Introduction
In the previous chapter, we learned how to work with new datasets and get familiar with their data and structure. We also got hands-on experience of how to analyze and transform them using different data wrangling techniques such as filtering, sorting, and reshaping. All of these techniques will come in handy when working with further real-world datasets in the coming activities.
In this chapter, we will focus on various visualizations and identify which visualization is best for showing certain information for a given dataset. We will describe every visualization in detail and give practical examples, such as comparing different stocks over time or comparing the ratings for different movies. Starting with comparison plots, which are great for comparing multiple variables over time, we will look at their types (such as line charts, bar charts, and radar charts).
We will then move onto relation plots, which are handy for showing relationships among variables. We will cover scatter plots for showing the relationship between two variables, bubble plots for three variables, correlograms for variable pairs, and finally, heatmaps for visualizing multivariate data.

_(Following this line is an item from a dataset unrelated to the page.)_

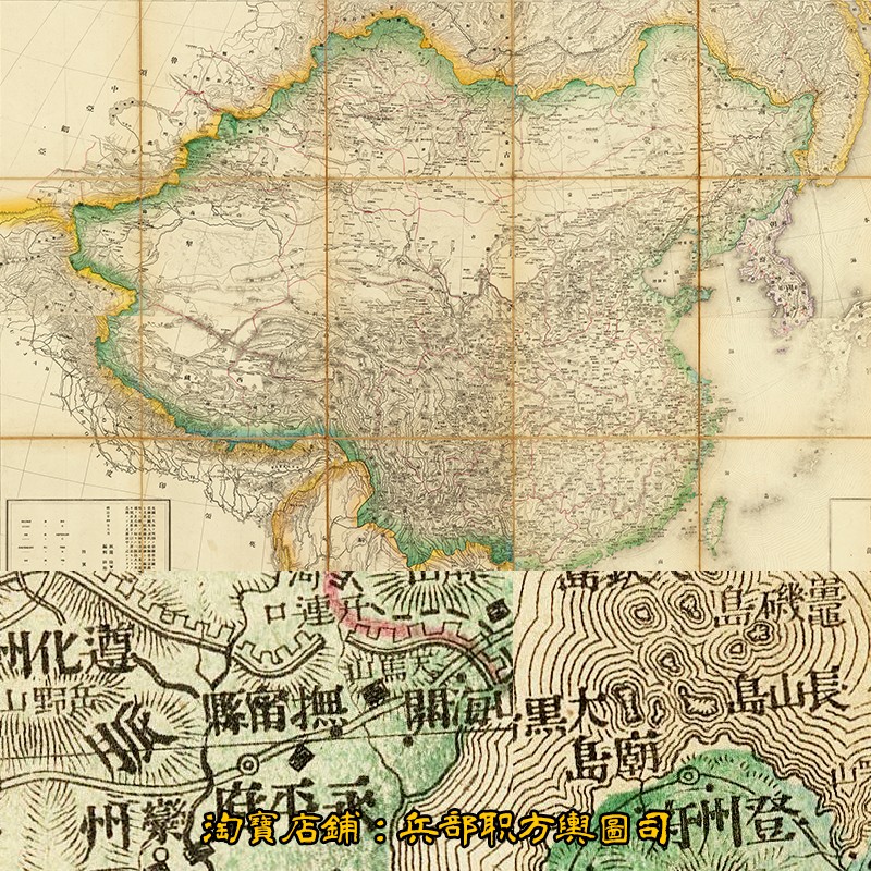 日绘清末中日甲午战争前 大清政区交通全图(明治24年古本)

The chapter will further explain composition plots (used to visualize variables that are part of a whole), as well as pie charts, stacked bar charts, stacked area charts, and Venn diagrams. To give you a deeper insight into the distribution of variables, we will discuss distribution plots, describing histograms, density plots, box plots, and violin plots.
Finally, we will talk about dot maps, connection maps, and choropleth maps, which can be categorized into geoplots. Geoplots are useful for visualizing geospatial data. Let’s start with the family of comparison plots, including line charts, bar charts, and radar charts.
Note
The data used in this chapter has been provided to demonstrate the different types of plots available to you. In each case, the data itself will be revisited and explained more fully in a later chapter.